DATA FOR REVIEW START
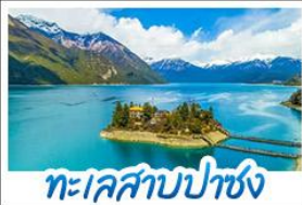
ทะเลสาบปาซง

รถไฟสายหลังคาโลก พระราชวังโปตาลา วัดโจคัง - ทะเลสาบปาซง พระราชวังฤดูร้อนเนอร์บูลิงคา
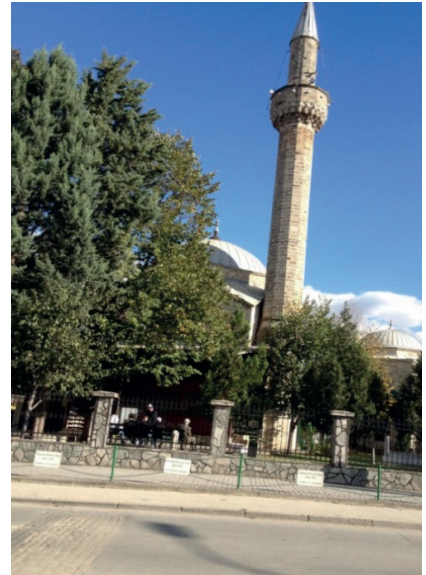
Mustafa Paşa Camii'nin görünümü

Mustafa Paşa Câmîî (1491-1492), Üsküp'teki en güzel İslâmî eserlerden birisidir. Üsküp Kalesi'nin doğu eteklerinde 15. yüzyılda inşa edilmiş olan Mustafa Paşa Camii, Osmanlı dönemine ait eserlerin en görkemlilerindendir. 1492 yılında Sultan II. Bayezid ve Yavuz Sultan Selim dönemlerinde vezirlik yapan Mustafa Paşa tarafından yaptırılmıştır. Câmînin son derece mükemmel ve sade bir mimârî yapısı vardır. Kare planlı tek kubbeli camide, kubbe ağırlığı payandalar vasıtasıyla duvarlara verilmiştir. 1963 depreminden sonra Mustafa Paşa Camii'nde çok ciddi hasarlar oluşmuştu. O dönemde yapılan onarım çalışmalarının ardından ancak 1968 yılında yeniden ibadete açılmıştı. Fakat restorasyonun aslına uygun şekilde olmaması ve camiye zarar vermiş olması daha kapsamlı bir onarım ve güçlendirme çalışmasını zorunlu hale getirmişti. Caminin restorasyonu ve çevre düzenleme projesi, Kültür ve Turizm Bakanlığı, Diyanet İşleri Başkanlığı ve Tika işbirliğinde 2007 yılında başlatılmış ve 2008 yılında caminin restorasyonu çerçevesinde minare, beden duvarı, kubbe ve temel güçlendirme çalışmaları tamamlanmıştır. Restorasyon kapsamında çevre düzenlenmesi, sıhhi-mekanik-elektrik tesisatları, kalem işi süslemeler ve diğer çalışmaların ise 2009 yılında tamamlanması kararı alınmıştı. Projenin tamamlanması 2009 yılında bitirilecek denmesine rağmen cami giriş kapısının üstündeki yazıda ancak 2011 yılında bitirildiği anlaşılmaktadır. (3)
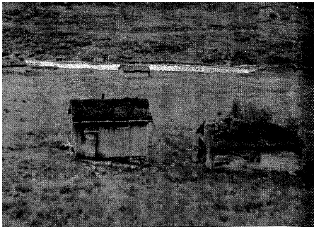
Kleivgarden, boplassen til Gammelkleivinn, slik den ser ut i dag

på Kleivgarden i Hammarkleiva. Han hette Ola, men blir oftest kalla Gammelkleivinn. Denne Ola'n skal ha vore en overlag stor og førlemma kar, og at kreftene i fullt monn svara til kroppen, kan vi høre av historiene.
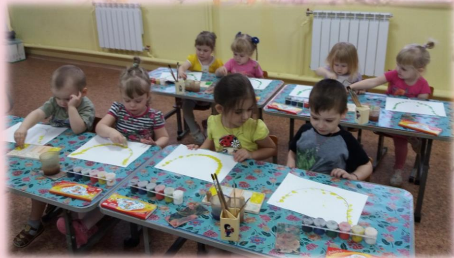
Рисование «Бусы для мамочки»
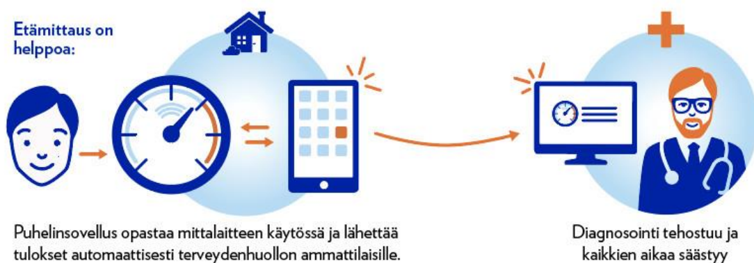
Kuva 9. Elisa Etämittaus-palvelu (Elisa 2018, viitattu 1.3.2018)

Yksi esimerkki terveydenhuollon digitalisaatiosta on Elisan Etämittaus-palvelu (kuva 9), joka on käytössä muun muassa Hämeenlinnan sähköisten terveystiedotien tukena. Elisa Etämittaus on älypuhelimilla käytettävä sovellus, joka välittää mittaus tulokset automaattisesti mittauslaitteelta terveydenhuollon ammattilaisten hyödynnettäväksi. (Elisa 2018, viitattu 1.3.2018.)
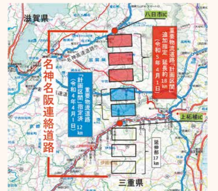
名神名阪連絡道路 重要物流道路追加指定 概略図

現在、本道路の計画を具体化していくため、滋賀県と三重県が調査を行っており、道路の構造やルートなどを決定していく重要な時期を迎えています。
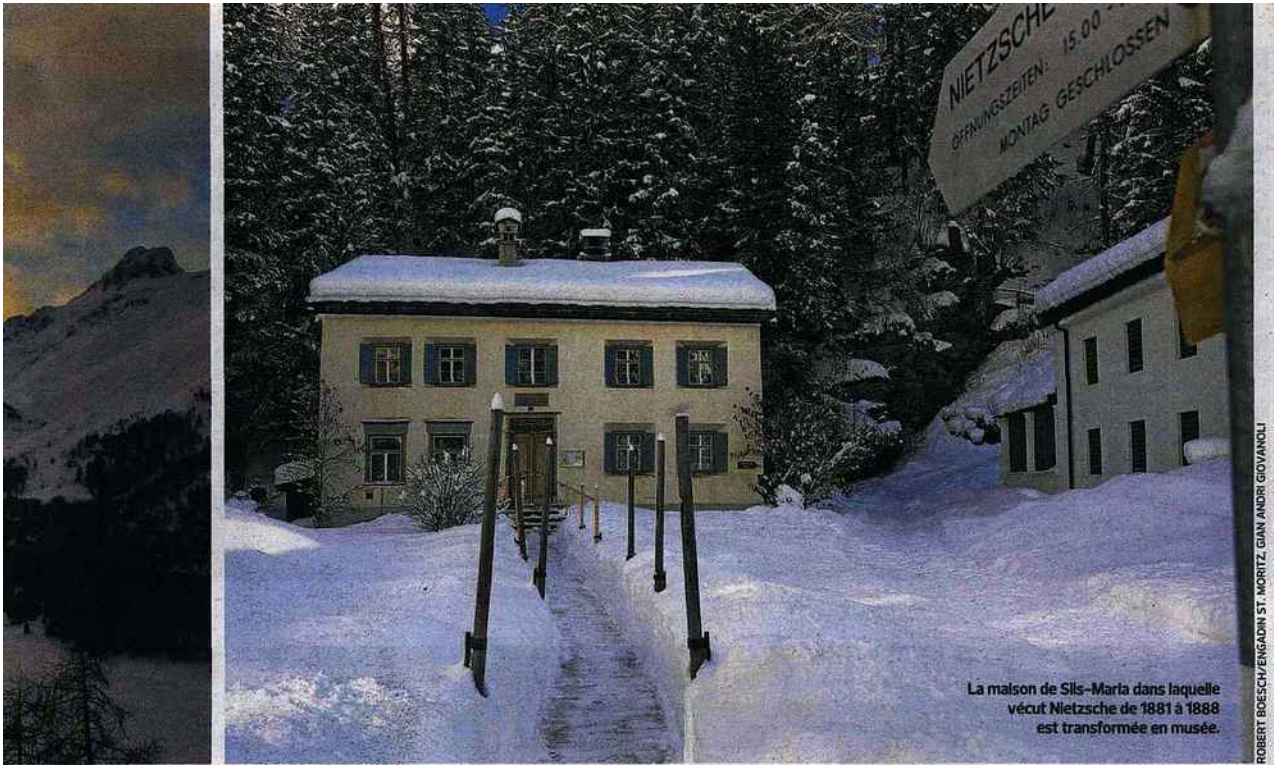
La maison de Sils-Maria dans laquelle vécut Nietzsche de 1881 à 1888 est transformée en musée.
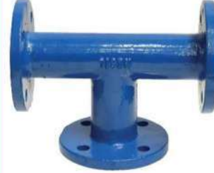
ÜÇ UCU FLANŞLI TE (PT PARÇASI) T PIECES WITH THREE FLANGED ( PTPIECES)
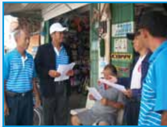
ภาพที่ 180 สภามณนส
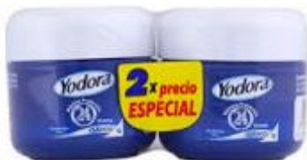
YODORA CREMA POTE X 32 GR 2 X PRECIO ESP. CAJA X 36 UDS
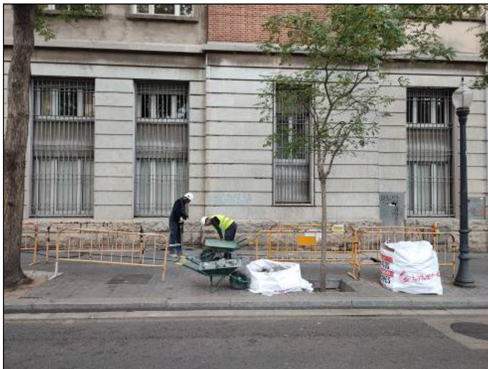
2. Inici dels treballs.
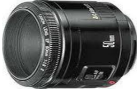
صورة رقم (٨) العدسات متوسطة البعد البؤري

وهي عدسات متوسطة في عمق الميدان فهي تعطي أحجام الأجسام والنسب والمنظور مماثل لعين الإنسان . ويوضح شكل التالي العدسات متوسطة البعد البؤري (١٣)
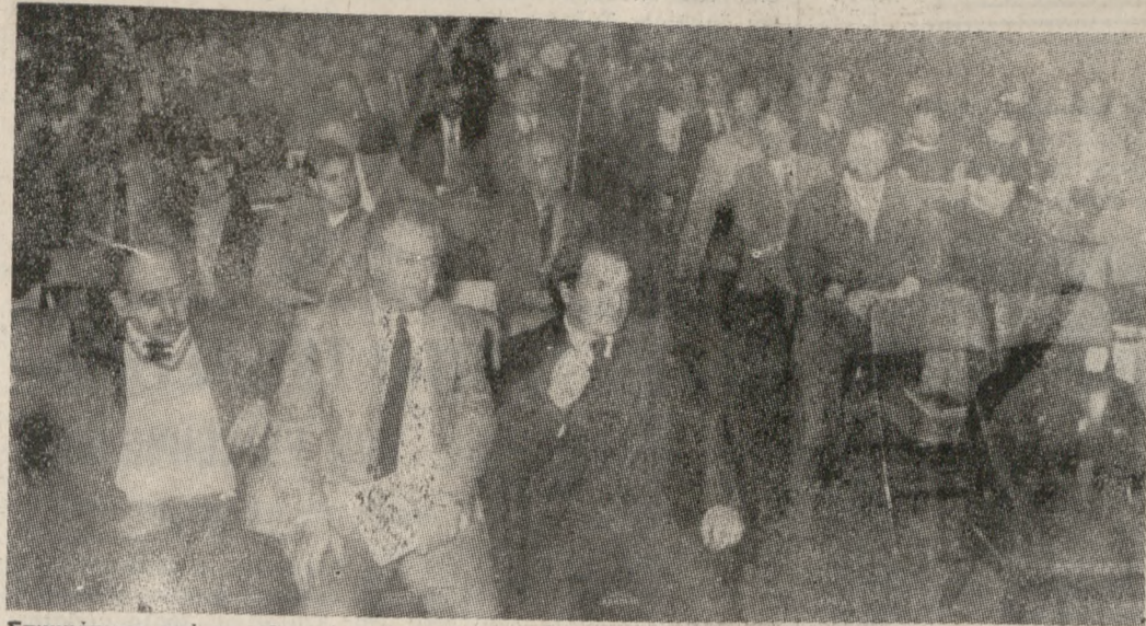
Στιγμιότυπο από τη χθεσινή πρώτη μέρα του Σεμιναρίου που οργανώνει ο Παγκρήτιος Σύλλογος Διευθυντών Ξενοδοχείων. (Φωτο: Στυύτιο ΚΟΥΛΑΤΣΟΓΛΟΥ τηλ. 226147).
DATA FOR REVIEW END
[PROMPT]
Pictures excluded, repeat the material above from its first line through the line containing "Mustafa Paşa Camii'nin görünümü", both included.

[SOLUTION FOR THIS EXERCISE]
ทะเลสาบปาซง

รถไฟสายหลังคาโลก พระราชวังโปตาลา วัดโจคัง - ทะเลสาบปาซง พระราชวังฤดูร้อนเนอร์บูลิงคา
Mustafa Paşa Camii'nin görünümü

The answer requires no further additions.